Being pre-med is hard. All of us pre-med students know that well. Sure, organic chemistry and physics suck, but actually applying to medical school means so much more than that. As a group, many of us feel a desire to go abroad and engage with communities that are pertinent to our medical interests. Plus, medical schools stress the importance being hands-on outside of the classroom. So, naturally, many of us seek out international programs that explore the world of medicine. Do we have good intentions? Yes. Are we eager to help? Of course. Are we actually helpful? Quite frankly, not always.
Despite our intentions, pre-med students often fail to be beneficial in the countries and programs they work for when abroad. As member of this pre-med community, I feel an urge to help people who are in need. Yet, what one might not realize that the work they do in other countries can actually negatively affect them and the people they “help.” How can this happen?
Centered around participation in procedures for which students are unqualified, detrimental volunteerism attracts large chunks of undergraduate students, especially pre-medical students. When students are presented with unique medical opportunities, such as delivering a baby or suturing a wound, they proceed with enthusiasm since they think both parties are benefiting. Such a mindset, however, is dangerous.
Detrimental volunteerism is harmful because it involves providing aid that cannot be sustained. Most of the communities in which students perform volunteer work are of lower socioeconomic status and lack proper infrastructure. These underlying issues are what prompt students and universities to help. Yet, especially in the field of medicine, providing aid for a short period of time only helps for that time period. Soon after, the clinics that students assisted fail to sustain the progress set into motion. These clinics experience a brief moment of efficiency to only decline back to their normal routines, .
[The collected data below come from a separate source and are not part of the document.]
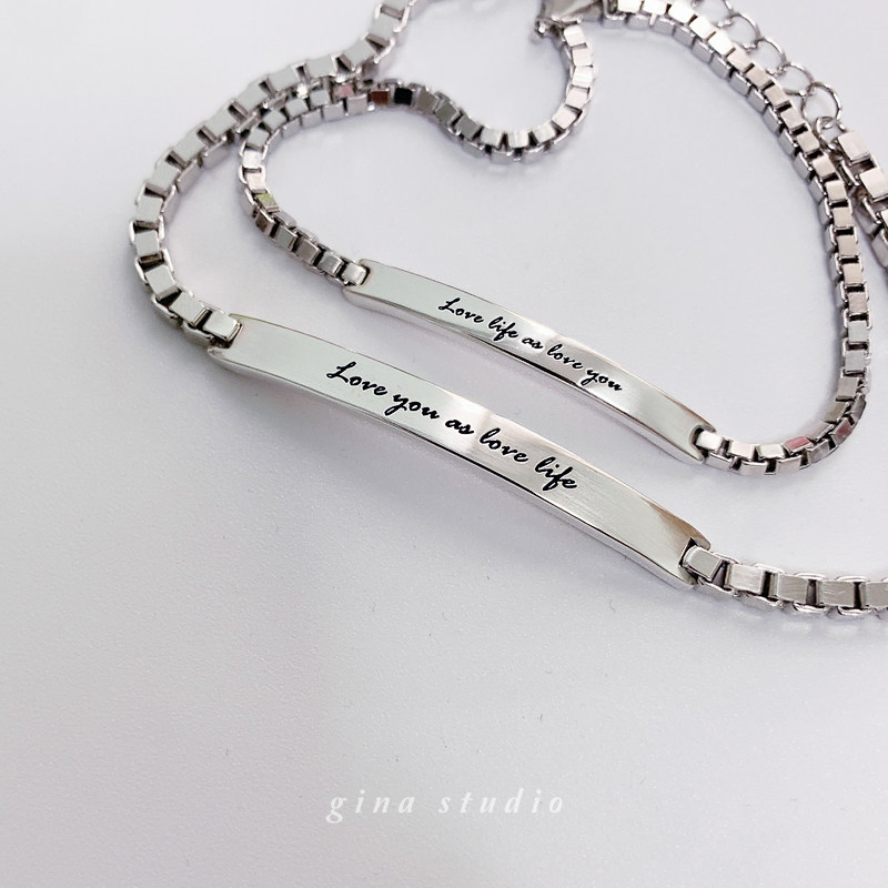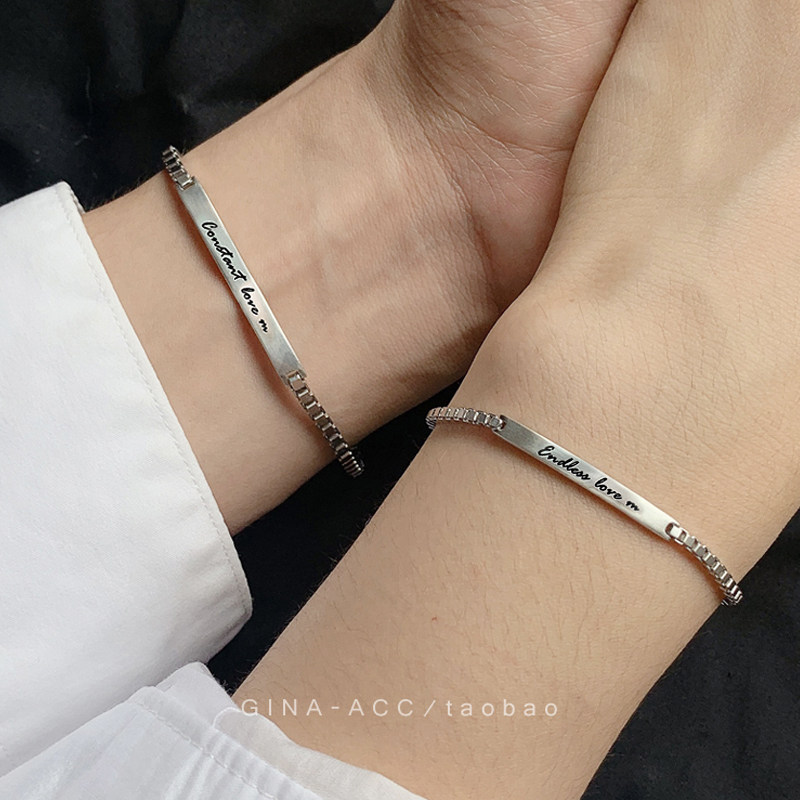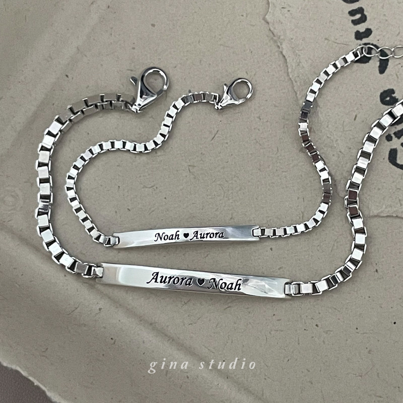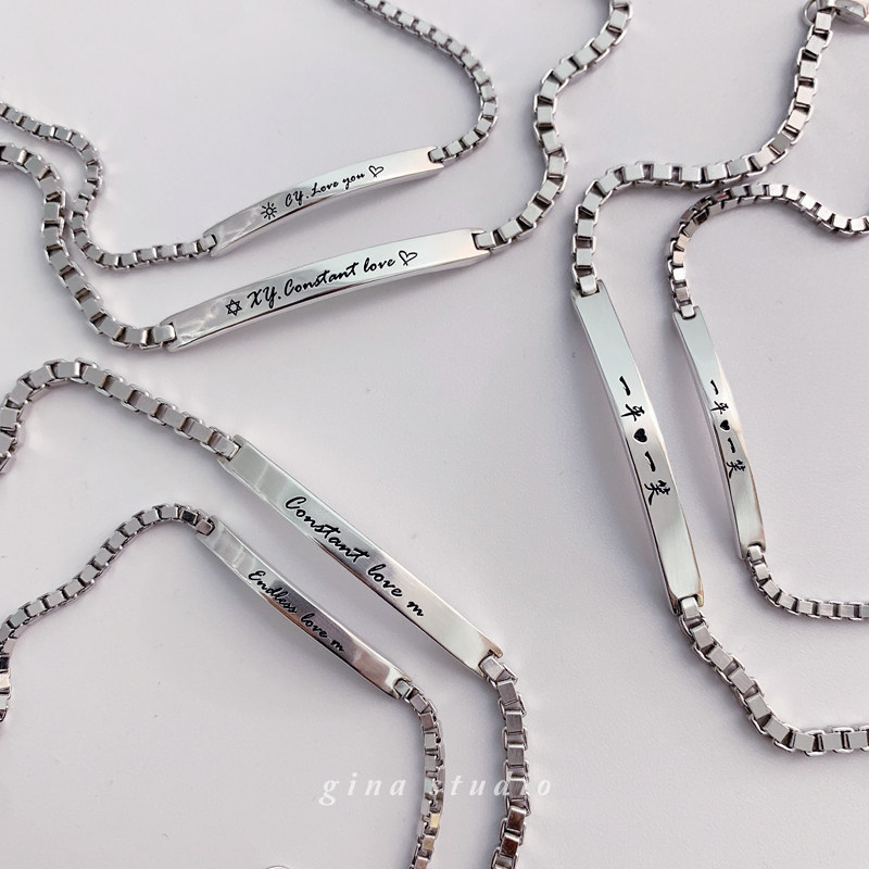 S925纯银DIY定制刻名字母长条情侣手链闺蜜女友情人节生日礼物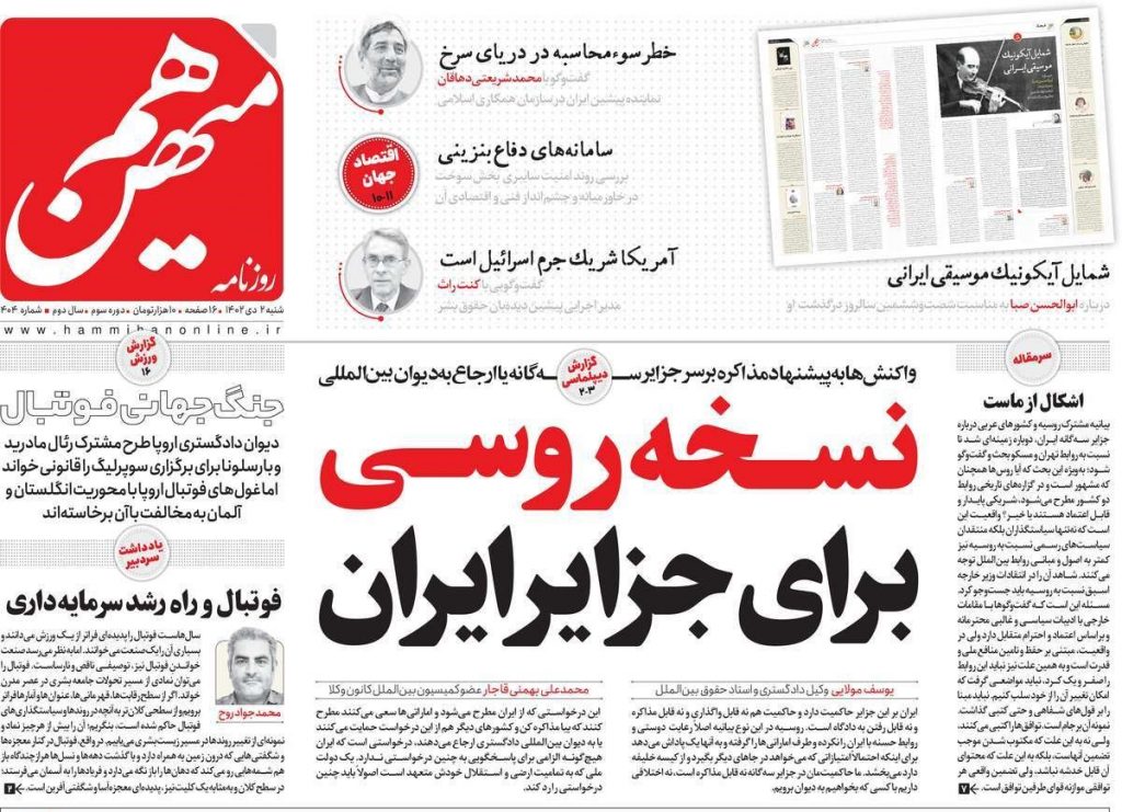 تیتر یک روزنامه هم‌میهن در شماره روز شنبه« نسخه روسی برای جزایر ایرانی» است. در سرمقاله این روزنامه با عنوان « اشکال از ماست» نوشته شده است: برخی تحلیل‌گران معتقدند که روسیه نمی‌تواند شریک راهبردی ایران باشد. شاید در جهان دوقطبی پیش از ۱۹۹۰ چنین شراکتی قابل تصور بود، ولی اکنون وارد شدن شراکت راهبردی به سختی قابل تصور است. اصولاً با سیاست‌های موجود تهران هیچ کشوری نمی‌تواند شریک راهبردی تلقی شود. بنابراین ضمن آنکه با روس‌ها باید بهترین روابط را داشت، ولی در تعامل دوجانبه نباید تصور و انتظارات راهبردی از آنان داشت و در نتیجه دلیلی ندارد که در سطح مزبور وارد رابطه شد. ایران نیز متقابلاً و به دلایل گوناگون نمی‌تواند شریک راهبردی برای روسیه باشد. روس‌ها نیازمند دور زدن غرب و مقابله با آن از طریق چین، هند، برزیل و سایر قدرت‌های منطقه‌ای مثل اعراب هستند و برای این کار از هر برگی که می‌توانند استفاده می‌کنند. روس‌ها حتی برای تحقق این هدف خود در مواضع منطقه‌ای به‌ویژه نسبت به اسرائیل نیز تغییرات جدی داده‌اند. طبیعی است که با ایران نیز همین برخورد را خواهند کرد. البته اسرائیل به دلیل روابطش با غرب و حتی وجود سنت یهودی قدرتمند در روسیه و روس‌ها، چندان نگران این تغییر موضع آنان نیست.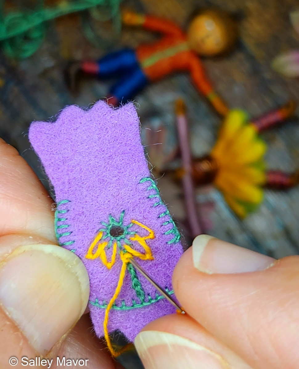 For some of their outfits, I embellished wool felt using cotton embroidery floss.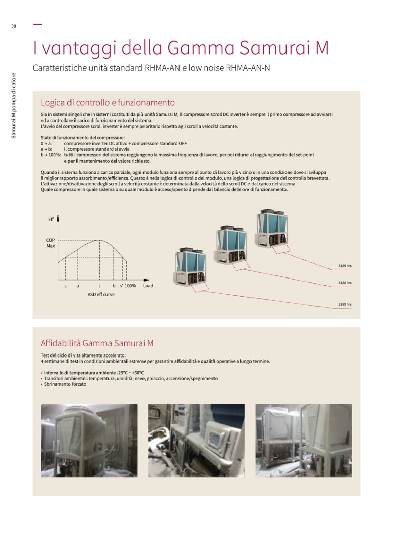 Sia in sistemi singoli che in sistemi costituiti da più unità Samurai M, il compressore scroll DC inverter è sempre il primo compressore ad avviarsi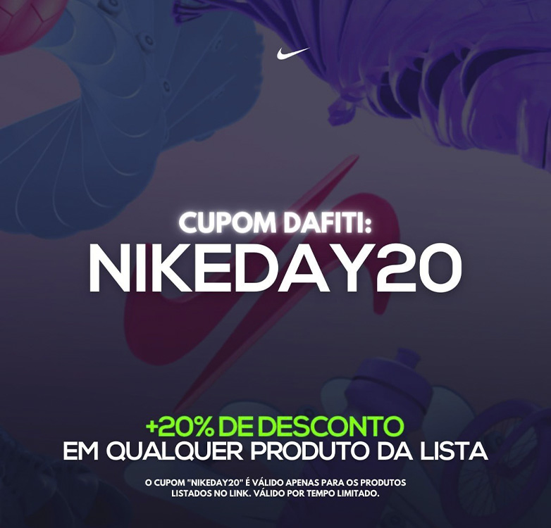 Cupom de 20% de desconto em produtos Nike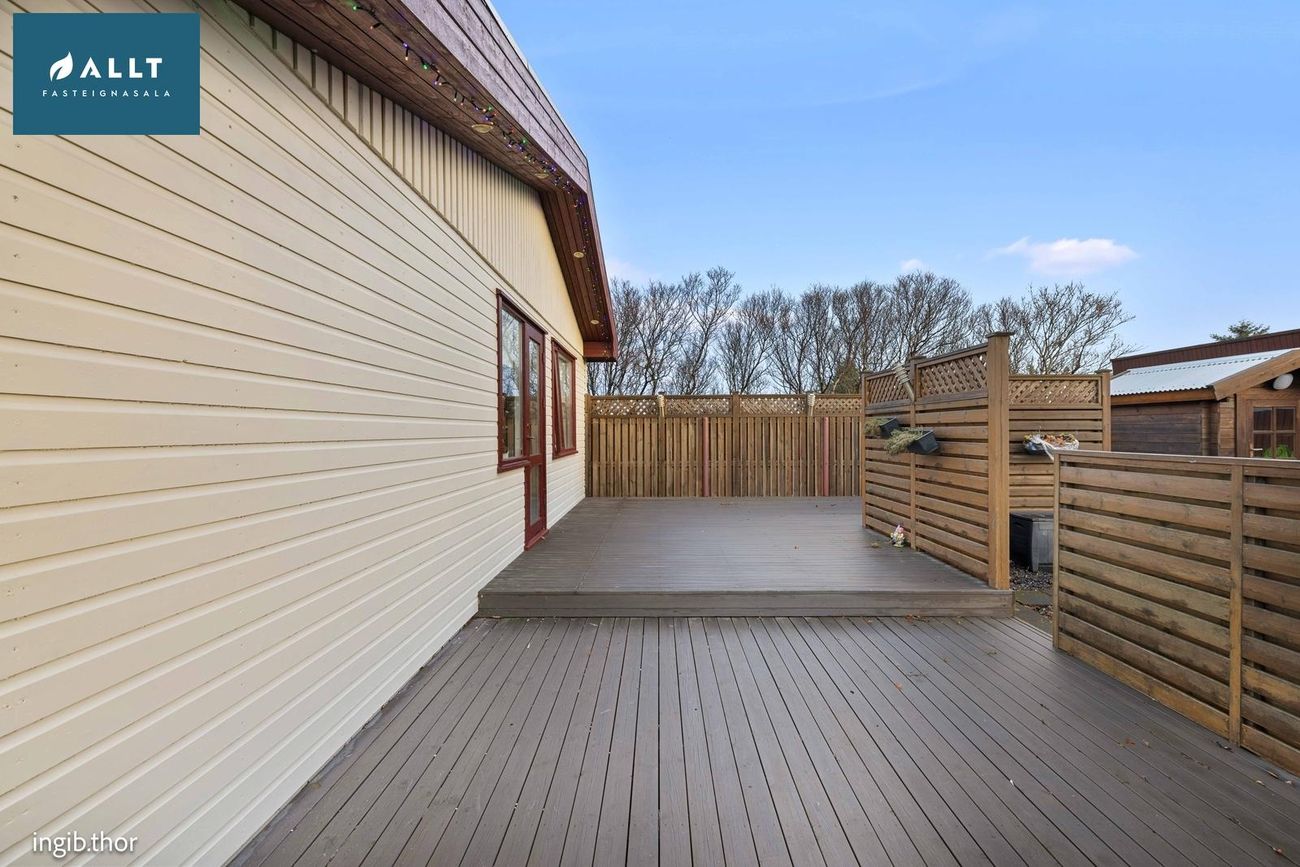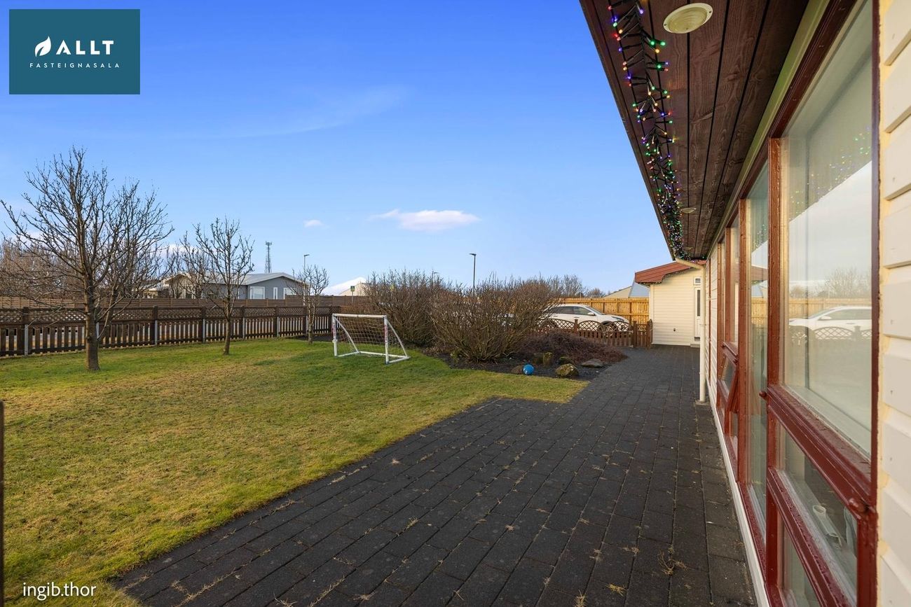 Lóð er afgirt að framanverðu og við sólpall. Grasbali framan og aftan við hús. Töluvert af trjám og gróðri er á lóð. Gönguleiðir og bílastæði hellulagt. Sólpallur með innangengi inn í borðstofu. 8 fm kofi á lóð.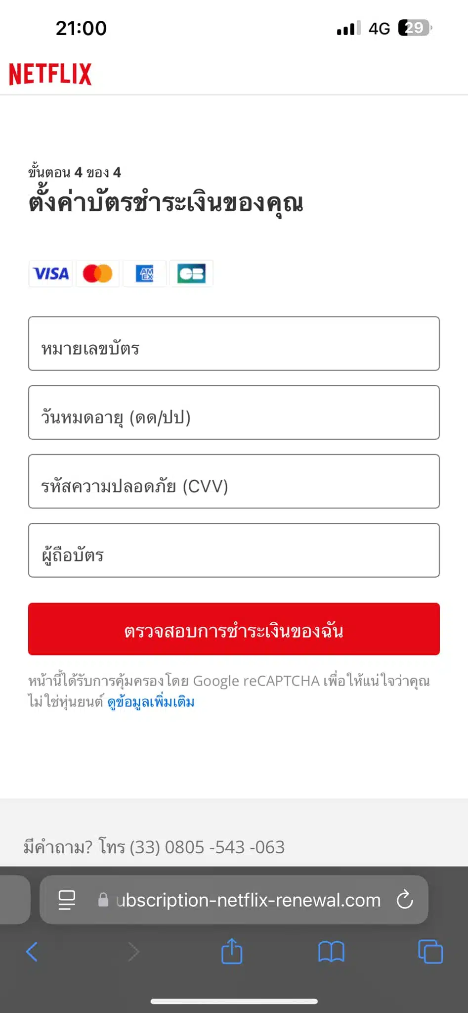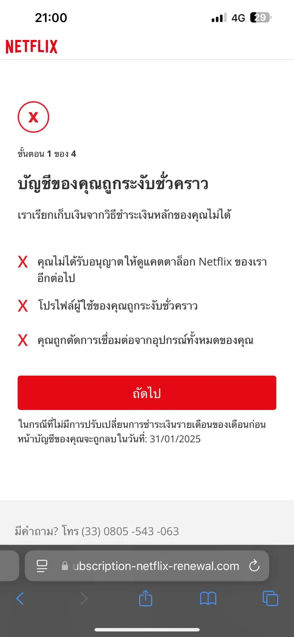 สาวเตือนภัย มิจฉาชีพสวมรอยเน็ตฟลิกซ์ (Netflix) ส่ง SMS ปลอม หลอกผู้ใช้งาน อ้างชำระเงินไม่สำเร็จ หวังกรอกข้อมูลบัตรเครดิต โชคดีไหวตัวทัน รีบอายัดบัตรได้ทันเวลา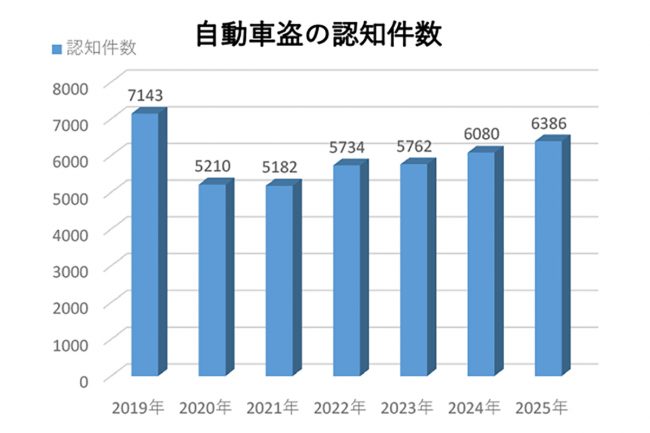 警察庁が発表している統計によると、日本の自動車盗難は長期的には減少してきているものの、直近では再び増加傾向にあります。2024年は6080件と前年より300件あまり増加し、2025年には6386件と、直近5年で最多の件数を更新する形となっています。

In addition, detrimental volunteerism reflects negatively on the students. By going into a community unqualified and performing unrefined medical procedures, students violate the standards of bioethics. Anyone who is not properly trained and certified in a particular field should not be operating in that field because they run the risk of potentially hurting other people. Professionals have been in the career long enough to know how to properly apply their knowledge and skills to offer help safely. Amateurs, like undergraduate students, have not been in their career path long enough to have this knowledge and skill, and therefore run the risk of being more harmful than helpful.
The issue of detrimental volunteerism directly violates the Duke Community Standard that we, as a university, created. Pre-medical students working abroad may not be lying or cheating per say, but they sometimes fail to conduct themselves honorably in such endeavors. A direct violation of the Community Standard is something to be further examined. It is important to start asking ourselves: how do we conduct ourselves honorably when representing Duke in other communities?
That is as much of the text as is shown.